Fracking is given the green light in U.S. national forest

November 24, 2014 0 By Amanda Giasson

Hydraulic fracturing could soon occur in the George Washington National Forest.

Last week, the United States Forest Service approved a plan that set up regulations that will allow energy companies to carry out fracking within certain regions of the enormous George Washington National Forest, which spans 1.1 million acres, straddles Virginia and West Virginia, and is the biggest national forest in the eastern half of the U.S that is visited by 3 million people annually.

The controversial move has apparently been welcomed by environmentalist.
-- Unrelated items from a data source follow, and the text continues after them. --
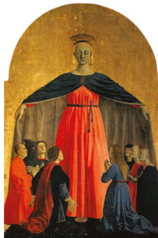
Piero della Francesca, Madonna della Misericordia.

In Occidente si ritiene che Sant'Oddone, abate di Cluny, abbia attribuito alla Madre di Dio il titolo di Madonna della Misericordia , dopo aver convertito un ladro che aveva avuto in visione la Madonna che gli aveva detto di essere la Madre della misericordia, promettendogli il paradiso 2 .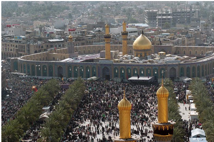
Hussein-Moschee in Kerbela

Zunächst weise ich darauf hin, dass im folgenden Text, wo immer von Schia, Schiiten, schiitisch etc. die Rede ist, so gut wie ausschließlich die Zwölferschia gemeint ist. Es handelt sich um die zahlenmäßig eindeutig stärkste, geographisch am weitesten verbreitete und gegenwärtig in religiös-politischer Hinsicht aktivste Fraktion innerhalb der Schia. Sie ist auch unter Bezeichnungen wie Imâmîya oder Ja'fariya bekannt. Die Berücksichtigung anderer Gruppen wie der Zaidîya oder Ismâ'ilîya und die Beschreibung ihres Verhältnisses zur Zwölferschia würde den Rahmen des vorliegenden Beitrags sprengen.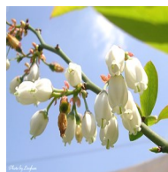
ブルーベリー蜂蜜

鳥栖市のブルーベリー農園で採取。フルーティーでやさしい甘さが特徴の蜂蜜です。乳製品によく合います。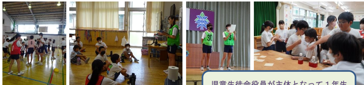
江戸川フェスティバル～Smile Together 楽しめ！江戸フェス～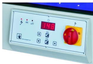
Painel de comando digital capaz de memorizar 10 tempos de programação diferentes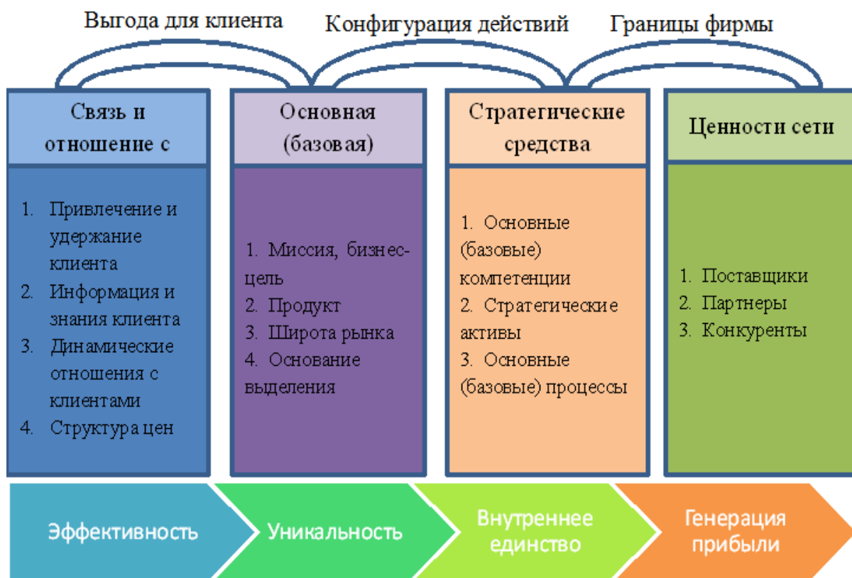
Рисунок 2 – Элементы инновационной бизнес-модели [3]

Четыре важнейших его элемента, то есть базовая стратегия, стратегические запасы, связь и отношения с клиентами, ценности сети взаимосвязаны, создавая характерные три «моста», которые приведены ниже:

For years, environmental groups have fought to keep hydrofracturing out of the forest, due to environmental concerns linked to the drilling practice, such as air pollution, water contamination and risking the health and wellbeing of the numerous species of wildlife that call the forest home. However, according to the Associated Press (AP), the decision that was reached by the Forest Service last week was welcomed by both environmentalists and those in the energy industry.
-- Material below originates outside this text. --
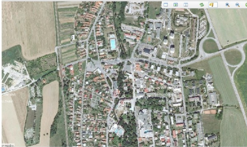
Obr. 11: Turčianske Teplice na leteckých snímkach z roku 1950 (hore) a 2015 (dole).

The AP reported that the federal agency’s approved plan will allow drilling to take place within about 177,000 acres of the forest. 10,000 of these acres have already been leased to gas and oil companies and the other 167,000 acres have existing private mineral rights.

Fracking - National ForestBack in 2011, the Forest Service had proposed a plan that would have banned fracking outright across the forest, which, according to the AP, would have been a first for a national forest. That being said, it was made clear last week that the agency’s decision to allow drilling in sections of the forest only gave the green light to gas and oil companies that had already received approval to commence their hydraulic fracturing plans.

Some may be convinced the fracking decision protects the forest, others are not so certain.

“The vast majority of the forest is protected in this decision,” the leader of the Southern Environmental Law Center’s national forests and parks program, Sarah Francisco, told the Associated Press. Robert Bonnie, the national resources and environment undersecretary at the U.S. Department of Agriculture, which is the agency that oversees the Forest Service, added that in terms of a policy perspective “the Forest Service allows fracking on forest lands throughout the country. We didn’t want to make a policy decision or change policy related to fracking. This decision is about where it’s appropriate to do oil and gas leasing.”

Nevertheless, the decision to approve fracking within a federally protected national forest leaves many in the U.S. feeling that no place within the country under federal protection is safe from the gas and oil industries. The National Forest Service will make 16% of the George Washington National Forest open to the mining practice.